Table 5. The effect of supplementation of lemon grass on meat quality.
P: probability, LG: lemon grass, NS: non-significant.
In the economic assessment, LG supplementation did not provide any advantage either in feed consumption and live weight gain or in carcass values and quality, it even decreased the revenue (Table 6). The distribution of quails’ sex (female, male) in each group were not significant (p>0.05).
Table 6. The effect of supplementation of lemon grass on revenue*.
*Data were given for groups (50 quail). LG: lemon grass.
The quail diet supplemented with 3% LG leaf meal showed a significantly lower final body weight compared to the control (p<0.05). This finding was similar with Thayalini et al. (2011) who reported that reduced body weight in broilers fed with 2% LG leaf supplemented diet. However, this result was contrary to those of Mmereole (2010) and Mukhtar et al. (2012) who reported that supplementation of LG leaf meal or oil resulted in a significantly higher body weight in broilers. During the first week of the study, there was a significant difference in the 3% LG group in body weight gain.

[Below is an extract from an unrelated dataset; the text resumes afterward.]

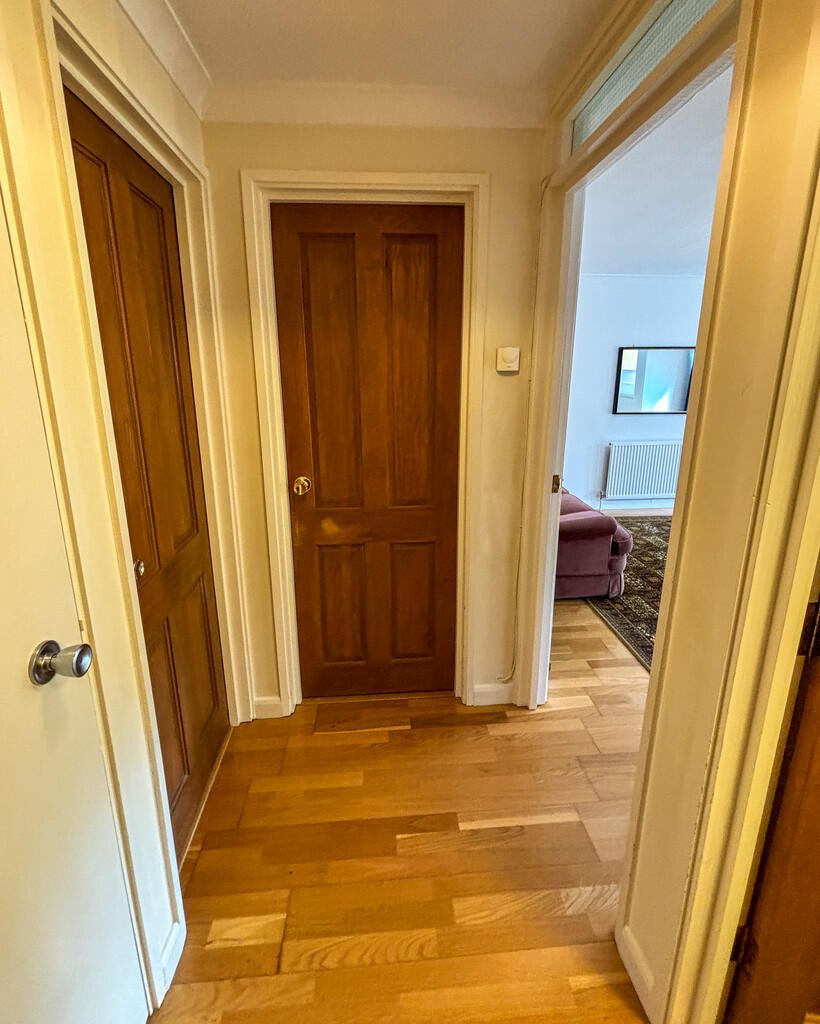 ENTRANCE HALLWAY With laminate flooring, intercom, radiator, and storage cupboard.Â

However, body weight gain was not significant among groups during the last four weeks and overall. These findings were different from some previous studies (Mukhtar et al., 2012; Mmereloe, 2010; Thayalini et al., 2011).
The expected effects of herbs on feed consumption could be related with improvement in feed taste, palatability, enhanced appetite of poultry in addition to faster passage and digestion of nutrients through the digestive effects of herbs (Mmereloe 2010; Mukhtar et al., 2012).

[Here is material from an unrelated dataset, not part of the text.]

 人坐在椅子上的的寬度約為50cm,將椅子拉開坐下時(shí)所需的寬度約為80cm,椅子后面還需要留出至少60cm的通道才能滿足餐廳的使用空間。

Mukhtar et al. (2012) reported that 50, 100 and 150 mg/kg supplementation of LG oil in broiler diets caused an increase in the feed consumption. Similar to present results, Mmereloe (2010) reported that the supplementation of 1% LG leaf to broiler diets did not affected feed consumption. There was no statistical difference among the groups in terms of feed consumption in weeks and overall period. Differences between the results in the literature on feed consumption could be related with the form of LG used (leaf or oil).

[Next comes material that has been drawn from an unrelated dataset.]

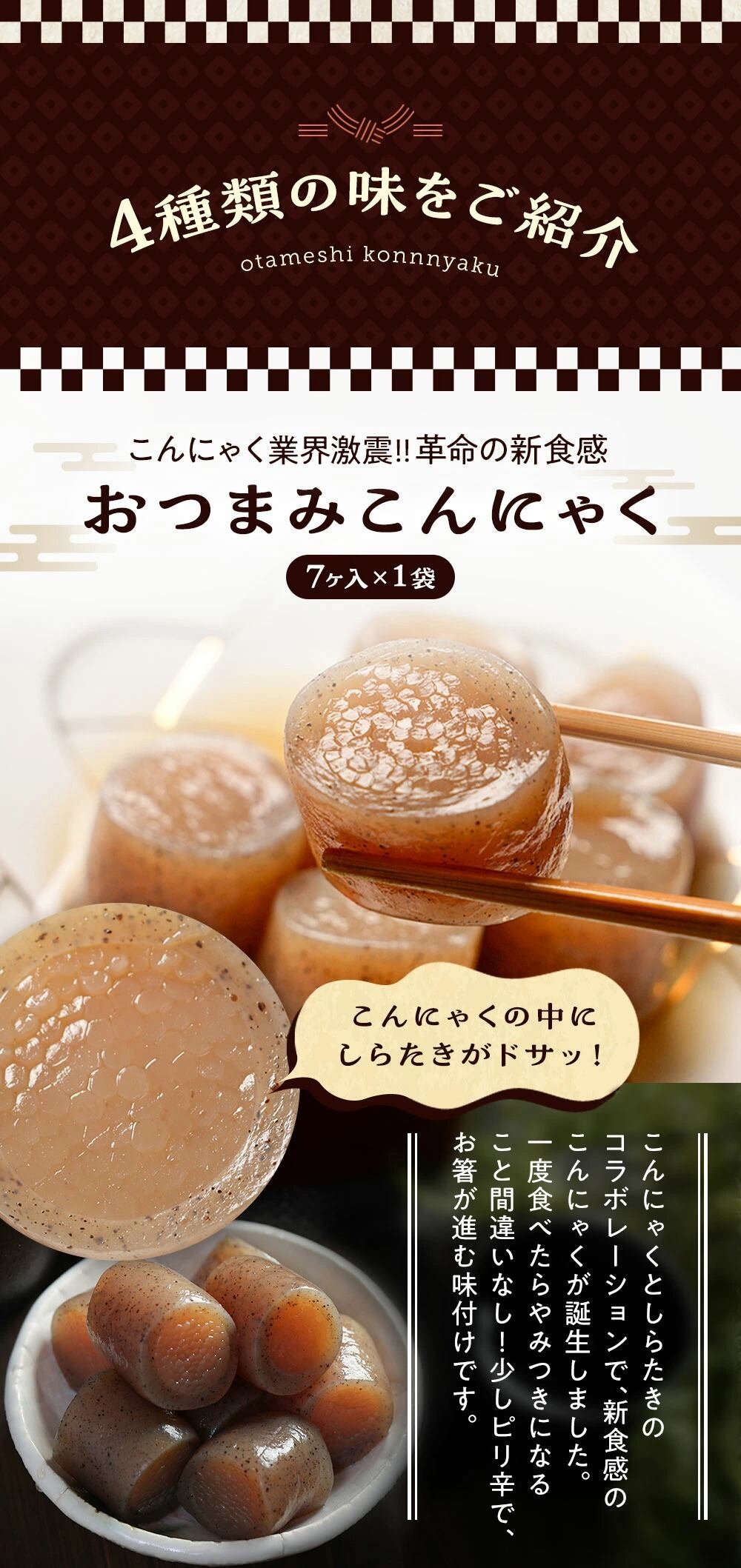 商品説明 :国産の原料を使用し、こんにゃく屋が食感にこだわり辿りついた新食感のおつまみこんにゃくです。

Mukhtar et al. (2012) reported that supplementation of 0.5%, 1% and 1.5% LG oil and Thayalini et al. (2011) supplementation of 2% LG leaf to diet did not affect the feed conversion ratio in broilers. Similarly, supplementation of 1.5% and 3% LG leaf did not affect the feed conversion ratio of quail; whereas Mmereole (2010) reported that 1% LG leaf supplementation to broiler diet improved the feed conversion ratio.
Results revealed that there were no significant differences (P>0.05) among groups regarding carcass yield, liver and gizzard ratio, and meat chemical composition such as crude protein, ash and dry matter. These results are consistent with the findings of Mukhtar et al. (2012), they did not find significant effect of LG addition to diet on carcass and meat traits in broilers.
In contrast to Mukhtar et al. (2012), economic evaluation of this study showed that the supplementation of LG leaf meal to quail diet did not improve performance and revenue compared to the control group. This was probably due to the cost of LG leaf meal and the supplemented level.
The controversial results between studies could be related with plant origin, harvest time, processing, extraction method, storage conditions and period, dietary inclusion levels and form of herbs.
In conclusion, it is necessary to determine the optimum dietary inclusion levels and used form/type (leaf, oil, dried and fresh) of LG and their effect on revenue in future studies.